Мак в очередной раз не нашел что ответит!
— Только я могу тебя освободить, Макензи, но свободу нельзя навязать силой.
— Я не понимаю, — отозвался Мак. — Я даже не понимаю, что ты сейчас сказала.
Она улыбнулась.
— Я знаю. Я и не надеялась, что ты поймешь прямо сейчас. Я говорила па будущее. В данный момент ты не понимаешь даже, что свобода — это развивающийся процесс. — Она нежно взяла руку Мака в свои, испачканные мукой, и, глядя прямо в глаза, продолжила: — Макензи, Истина должна тебя освободить, и у Истины есть имя, он там, в мастерской, весь в опилках. Все это в нем. И свобода — это процесс, который протекает во взаимоотношениях с ним. Тогда все то, что бурлит у тебя внутри, начнет постепенно выходить наружу.
— Откуда ты можешь знать, что именно я чувствую? — спросил Мак.
Папа не ответила, только посмотрела на их руки. Он проследил за ее взглядом, и тут впервые заметил шрамы на ее запястьях — такие же, он понял, должны быть у Иисуса. Она позволила ему осторожно прикоснуться к шрамам, оставшимся от глубоких ран, а он поднял голову и посмотрел ей в глаза. Слезы медленно катились но ее лицу, оставляя дорожки в муке, которой были припудрены ее щеки.
— Ты ведь не думаешь, что то, что избрал для себя мой сын, ничего нам не стоило. Любовь всегда оставляет след, — сказала она тихо. — Мы же были там вместе.
Мак удивился:
— На кресте? Нет, погоди, мне казалось, ты его покинула, ну, ты же знаешь: «Мой Бог, мой Бог, почему Ты оставил меня?» — Это были те слова Писания, которые Мак часто повторял во время Великий Скорби.
— Ты не понял заключенной в этом тайны. Несмотря на то, что он чувствовал в тот момент, я никогда его не покидала.
— Как ты можешь так говорить? Ты покинула его точно так же, как покинула меня!
— Макензи, я никогда не покидала его и никогда не покидала тебя.
— Для меня во всем этом нет никакого смысла, — отрезал он.
— Я знаю, что нет. Во всяком случае, пока нет. Но хотя бы поразмысли вот о чем: если все, что ты видишь перед собой, одна лишь боль, может, она просто заслоняет меня?
Мак ничего не ответил, и она снова принялась месить тесто, словно предоставив ему необходимое для раздумий пространство. Она, кажется, готовила разом несколько блюд, добавляя различные ингредиенты.
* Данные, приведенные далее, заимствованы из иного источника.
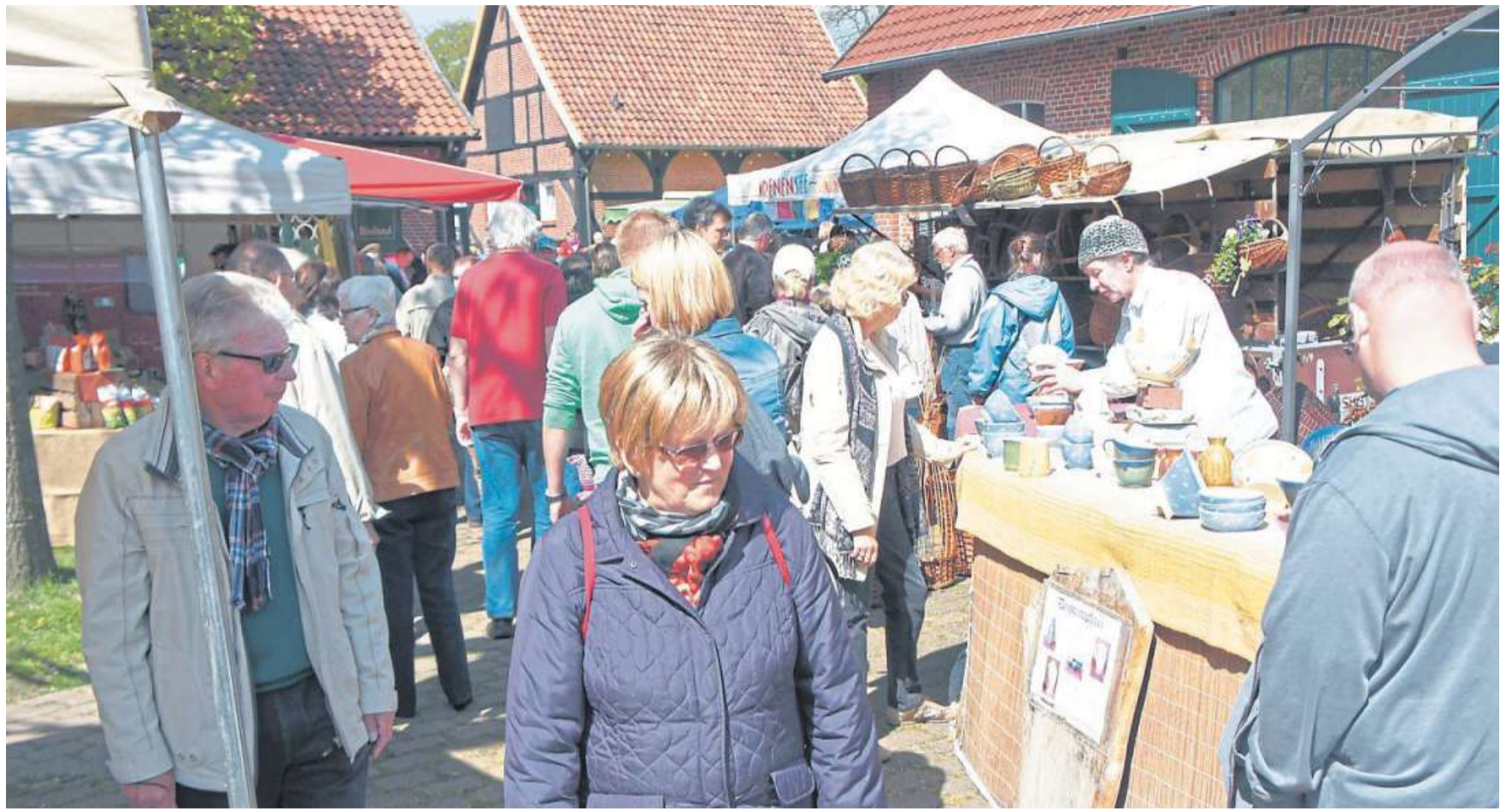
Der Ökologische Markt in Mardorf zieht stets zahlreiche Besucher an.
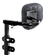
Bålstöd svängd båge
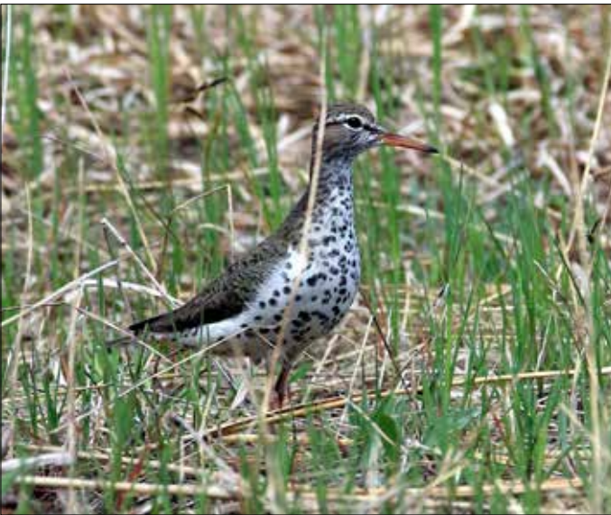
Chevalier grivelé, Wakeley Lake (JO)
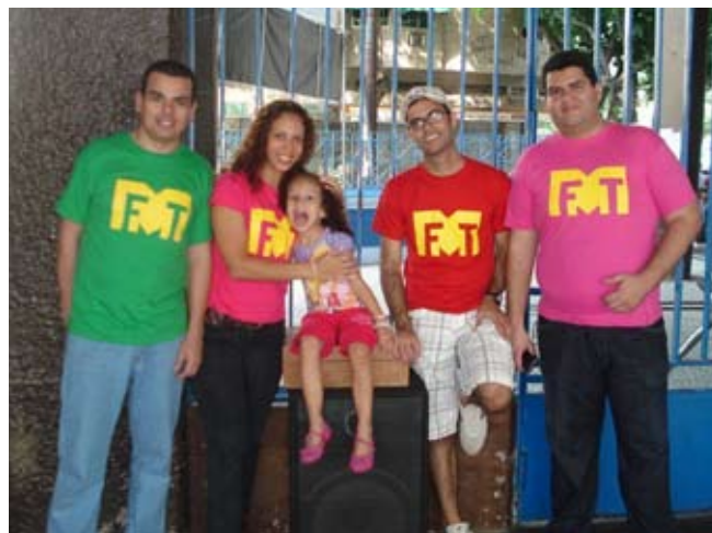
Integrantes do Ministério de Música Filhos Teus

Apesar de termos características bem diferentes um do outro, o Ministério de Música Filhos Teus já se tornou uma família. Temos prazer em estarmos juntos e uma sintonia, amizade, afinidade e fé, que nos une e nos faz seguir adiante até onde e quando Deus quiser.
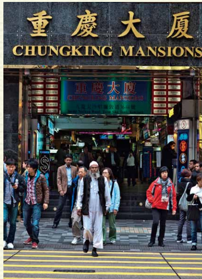
尖沙咀重慶大廈是南亞裔穆民聚集的地方

3) Engage (與穆斯林接觸並投入當中) ：這裡的接觸當然不是指到在街頭派派單張，而是直接和穆民交朋友，誠摯地關心他們，並和他們分享我們在基督裡的生命，進而把基督介紹給他們。經驗告訴我們，很多時候，辯論不能叫我們贏得穆斯林（雖然有時智慧的答辯是有需要的），反而是我們能「活出基督」，並透過我們的生命把聖經真理展現，更能為主贏得穆斯林。聖經約壹四18說到「愛裡沒有懼怕」是真的，假若我們有著一顆愛穆民的心，你會發現，要“engage”他們不是那麼困難的事。誠然，要切實的“engage”穆
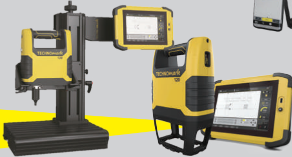
ワイヤレス/タッチパネル
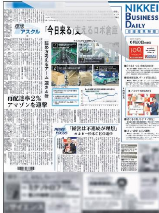
2018年6月20日・日経産業新聞6面全15段
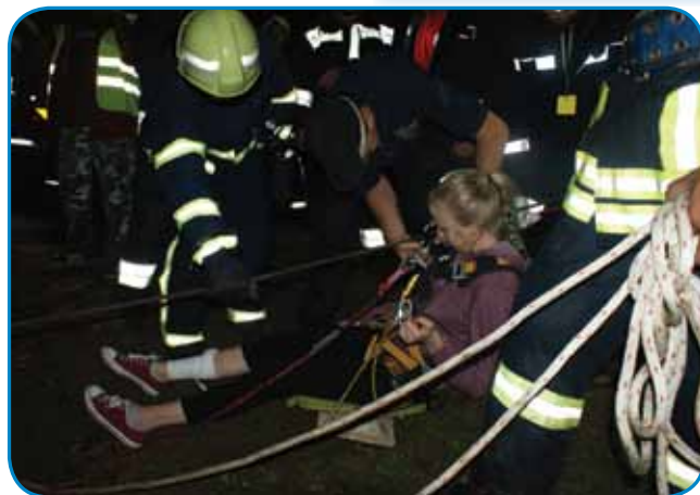
Gasililci-alpinisti iz Egyházasrádóca so rejšili mlado deklö, štera je spadnila v globko djamo

Gda so gasilci vse mlajše najšli v kmičnom lesej, so mogli oditi dale, vejpa so zvödali, ka ležijo ništerni mladi turisti pod drejvami pa vejami, štere je viher vtrgno. Za tau vajo so nücali
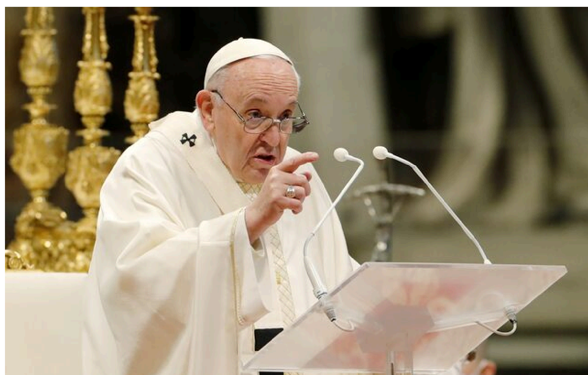
El Papa Francisco dirige una misa en la Basílica de San Pedro, en el Vaticano, el 25 de abril de 2021. REUTERS/Remo Casilli/Foto de archivo Licencia de compra Derechos

30 de abril (Reuters) - El Papa Francisco dictaminó el viernes que los obispos y cardenales que trabajan en el Vaticano serán juzgados por el mismo tribunal laico que conoce de otros casos penales y ya no por un panel de élite de preladados.
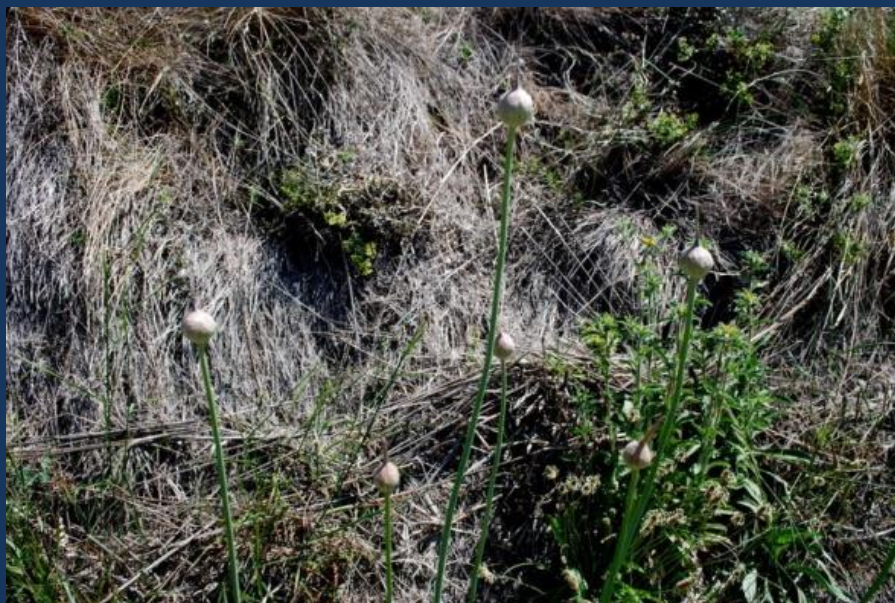
Inflorescencia con membrana

Мурлыча какую-то, вероятно привязавшуюся, мелодию, она завершила последние приготовления и собралась посадить в духовку пирог.
— Не забывай, история не закончилась на его ощущении покинутости. Он сумел отыскать путь, который привел его в мои объятия. О, что это был за миг!
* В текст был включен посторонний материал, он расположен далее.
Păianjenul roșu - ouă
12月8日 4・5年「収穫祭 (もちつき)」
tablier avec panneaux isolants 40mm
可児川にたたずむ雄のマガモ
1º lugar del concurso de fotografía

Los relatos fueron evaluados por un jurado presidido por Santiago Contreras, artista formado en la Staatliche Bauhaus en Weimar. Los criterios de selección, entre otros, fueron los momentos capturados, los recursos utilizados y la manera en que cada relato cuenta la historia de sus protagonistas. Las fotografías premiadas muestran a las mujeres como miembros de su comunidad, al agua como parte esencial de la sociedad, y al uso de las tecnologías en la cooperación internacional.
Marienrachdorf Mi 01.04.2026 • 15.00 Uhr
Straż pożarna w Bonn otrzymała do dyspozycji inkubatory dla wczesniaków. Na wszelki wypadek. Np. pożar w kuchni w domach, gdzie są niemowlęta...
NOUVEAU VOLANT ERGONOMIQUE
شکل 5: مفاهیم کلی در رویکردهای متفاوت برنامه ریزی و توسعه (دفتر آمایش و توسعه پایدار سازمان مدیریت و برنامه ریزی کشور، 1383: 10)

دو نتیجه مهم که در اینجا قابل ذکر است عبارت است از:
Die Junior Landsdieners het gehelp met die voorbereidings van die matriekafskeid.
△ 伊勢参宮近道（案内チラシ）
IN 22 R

Мак, несколько ошарашенный, привалился к кухонному столу. Его чувства и мысли представляли собой сплошной сумбур. Часть его существа желала поверить в то, что говорит Папа. Но другая часть довольно громко протестовала: «Это никак не может быть правдой!»
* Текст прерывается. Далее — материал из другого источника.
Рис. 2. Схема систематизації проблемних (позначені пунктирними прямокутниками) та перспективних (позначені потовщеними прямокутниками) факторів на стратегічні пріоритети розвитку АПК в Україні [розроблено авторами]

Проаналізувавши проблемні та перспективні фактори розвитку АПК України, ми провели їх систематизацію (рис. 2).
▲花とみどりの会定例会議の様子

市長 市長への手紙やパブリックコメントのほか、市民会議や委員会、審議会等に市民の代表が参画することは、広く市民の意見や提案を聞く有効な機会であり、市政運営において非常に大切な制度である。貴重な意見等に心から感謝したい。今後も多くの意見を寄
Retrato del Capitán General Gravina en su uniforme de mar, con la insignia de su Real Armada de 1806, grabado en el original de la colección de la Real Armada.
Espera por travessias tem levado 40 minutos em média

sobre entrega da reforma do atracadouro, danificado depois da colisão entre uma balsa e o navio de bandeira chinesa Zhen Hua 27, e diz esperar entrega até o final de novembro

Папа взяла в руки кухонный таймер, чуть повернула ручку и поставила на стол перед ними.
— Я не то, что ты думаешь, Макензи.
Мак взглянул на нее, посмотрел на таймер и улыбнулся.
— Я чувствую себя совершенно потерянным.
— Что ж, давай попробуем отыскать тебя в этой неразберихе.
Словно подчиняясь какому-то знаку, на подоконник кухонного окна опустилась голубая сойка и принялась вышагивать взад-вперед. Папа протянула руку к жестяной коробке и, открыв окно, предложила мистеру Сойке попробовать зерен, которые держала на кухне явно для этой цели. Как будто преисполненная смирения и благодарности, птица, нисколько не колеблясь, подошла прямо к ее ладони и принялась клевать.
— Взглянуть, к примеру, на нашего маленького приятеля, — начала она. — Большинство птиц были созданы, чтобы летать. Оказаться взаперти для них означает ограничение способности к полету, а вовсе не иной способ существования. — Она помолчала, давая Маку возможность поразмыслить над ее словами, — Ты, со своей стороны, был создан быть любимым. Поэтому для тебя жить так, словно ты нелюбим, есть ограничение твоей способности, а не способ существования.
Мак кивнул, не в знак согласия, а просто чтобы показать: но крайней мере это он понял и следит за ходом мысли. Это утверждение показалось достаточно простым.
— Человек, живущий нелюбимым — все равно что птица, лишенная способности летать. Вовсе не то, что я хотела для тебя.
В этом и была неувязка. Он в данный момент не ощущал себя любимым.
— Мак, боль подрезает нам крылья и лишает способности летать. — Она выждала секунду, чтобы слова достигли цели. — И если она остается надолго, то ты можешь забыть, что был создан прежде всего для полета.
Мак молчал. Странно, но молчание нисколько его не тяготило. Он посмотрел на птицу. Птица в ответ посмотрела на него. Он задумался, может ли она улыбаться. Во всяком случае, вид у мистера Сойки был такой, словно он улыбается, причем даже сочувственно.
— Я не то, что ты, Мак.
Это не было хвастовством, это была констатация факта. Однако для Мака эти слова были словно ушат холодной воды.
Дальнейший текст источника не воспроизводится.